Edit: $$P( -Y_{k}=j \mid \tau=k) \overset{!}{=}P ( -Y_{k}=j )$$ The events are not independent, but if I plug in $\tau=k$, the event $\{\tau=k\}$ would not give further information?
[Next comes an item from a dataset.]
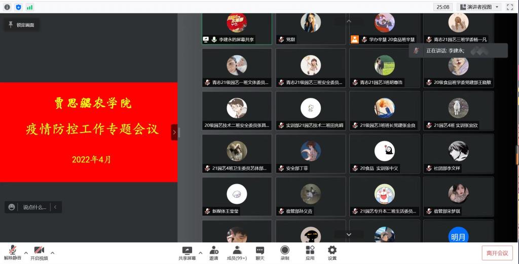 刘杰书记传达了学校疫情防控会议精神并强调:一是思想高度重视,决不能有丝毫麻痹懈怠,时刻做到情况明、数据准、底子清,守住校园疫情防控安全线。二是全体辅导员通过主题班会教育员工熟知发热应急处置流程,践行落实好“四个一律”,组织好每日核酸抽测,确保应检尽检、不漏一人。三是严格遵守校园封闭管理各项要求,从严、从重处理翻墙外出等违纪行为,确保校园疫情安全;四是员工干部特别宿舍长坚决落实通风消毒制度,密切关注员工思想心理动态并及时反馈,各辅导员要及时帮助员工解决实际问题和困难。五是积极组织“阳台体育,共抗疫情”趣味活动,引导员工走下网络、走出宿舍、走向操场,增强体质,舒缓压力!

Here is the proof: Allthough not directly stated, I am going to assume $j\in\mathbb{N}$. First of all, as you have correctly followed: $$\textbf{P}(-Y_\tau=j,\tau=k)=\textbf{P}(-Y_k=j,\tau=k)$$ Now we proof the claim by induction over $k\in\mathbb{N}$
Let $k=1$. In this case, $$\textbf{P}(-Y_k=j,\tau=k)=\textbf{P}(Y_1=-j,\tau=1)=\textbf{P}(Y_1=-j),$$ since $Y_1=-j$ implies $\tau=1$. Since \begin{align*}\textbf{P}(\tau=1)&=\textbf{P}(Y_1\leq0)=\textbf{P}(c+1-X_1\leq0)=\textbf{P}(X_1\geq c+1)\\&=1-\textbf{P}(X_1\leq c)=1-\sum^c_{i=0}\textbf{P}(X_1=i)\\&=1-(1-p)-\sum^c_{i=1}\textbf{P}(X_1=i)\\&=p-pq(1-(1-q)^c)/(1-(1-q))=p(1-q)^c\end{align*} and \begin{align*}\textbf{P}(Y_1=-j)=\textbf{P}(c+1-X_1=-j)=\textbf{P}(X_1=c+1+j)=pq(1-q)^{c+j},\end{align*} the claim follows for $k=1$.
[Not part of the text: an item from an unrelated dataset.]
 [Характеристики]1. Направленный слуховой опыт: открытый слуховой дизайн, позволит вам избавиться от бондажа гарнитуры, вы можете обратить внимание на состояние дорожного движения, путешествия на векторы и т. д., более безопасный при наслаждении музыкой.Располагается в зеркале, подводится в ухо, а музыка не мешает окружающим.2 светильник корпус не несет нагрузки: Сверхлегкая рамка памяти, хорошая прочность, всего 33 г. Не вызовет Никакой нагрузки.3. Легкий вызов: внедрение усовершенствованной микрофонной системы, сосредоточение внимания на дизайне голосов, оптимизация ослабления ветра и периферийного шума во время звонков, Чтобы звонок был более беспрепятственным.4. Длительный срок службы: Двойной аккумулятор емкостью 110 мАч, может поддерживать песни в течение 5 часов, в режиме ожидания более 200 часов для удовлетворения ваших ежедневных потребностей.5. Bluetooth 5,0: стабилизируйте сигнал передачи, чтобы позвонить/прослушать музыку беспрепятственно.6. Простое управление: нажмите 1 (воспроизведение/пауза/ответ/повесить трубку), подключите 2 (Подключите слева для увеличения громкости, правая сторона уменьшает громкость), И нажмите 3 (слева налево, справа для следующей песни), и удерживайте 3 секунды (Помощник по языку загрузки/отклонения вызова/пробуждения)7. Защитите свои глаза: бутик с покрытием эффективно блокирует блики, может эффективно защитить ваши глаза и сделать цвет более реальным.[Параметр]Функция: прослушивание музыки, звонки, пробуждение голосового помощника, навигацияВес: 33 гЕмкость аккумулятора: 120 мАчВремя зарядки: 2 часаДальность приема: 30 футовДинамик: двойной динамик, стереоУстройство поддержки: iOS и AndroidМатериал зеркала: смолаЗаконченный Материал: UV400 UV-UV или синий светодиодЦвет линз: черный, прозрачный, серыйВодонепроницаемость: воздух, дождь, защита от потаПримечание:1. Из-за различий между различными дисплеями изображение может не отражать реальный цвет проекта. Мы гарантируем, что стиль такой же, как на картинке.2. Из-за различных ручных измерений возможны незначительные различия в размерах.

We are trying to prove that $k\Rightarrow k+1$. Since the structure of random walks is inherently recursive, conditioning on the first step should work (let the index of the probability measure denote the start of the random walk):
\begin{align*}\textbf{P}_c(\tau=k+1)&=\sum^{c}_{i=0}\textbf{P}_c(\tau=k+1|X_1=i)\textbf{P}_c(X_1=i)=\sum^{c}_{i=0}\textbf{P}_{c-i+1}(\tau=k)\textbf{P}_c(X_1=i)\\&=\sum^{c}_{i=0}\textbf{P}_{c-i+1}(\tau=k,Y_k=-j)\textbf{P}_c(X_1=i)(1-q)^{-j}/q\\&=\sum^{c}_{i=0}\textbf{P}_{c}(\tau=k+1,Y_{k+1}=-j|X_1=i)\textbf{P}_c(X_1=i)(1-q)^{-j}/q\\&=\textbf{P}_c(\tau=k+1,Y_{k+1}=-j)(1-q)^{-j}/q.\end{align*}
The first equation follows from the law of total probability, the second uses the fact that $(Y_n)_{n\in\mathbb{N}}$ is a homogenous markov chain, the third uses the induction hypothesis. From there we repeat all of theses steps in reverse.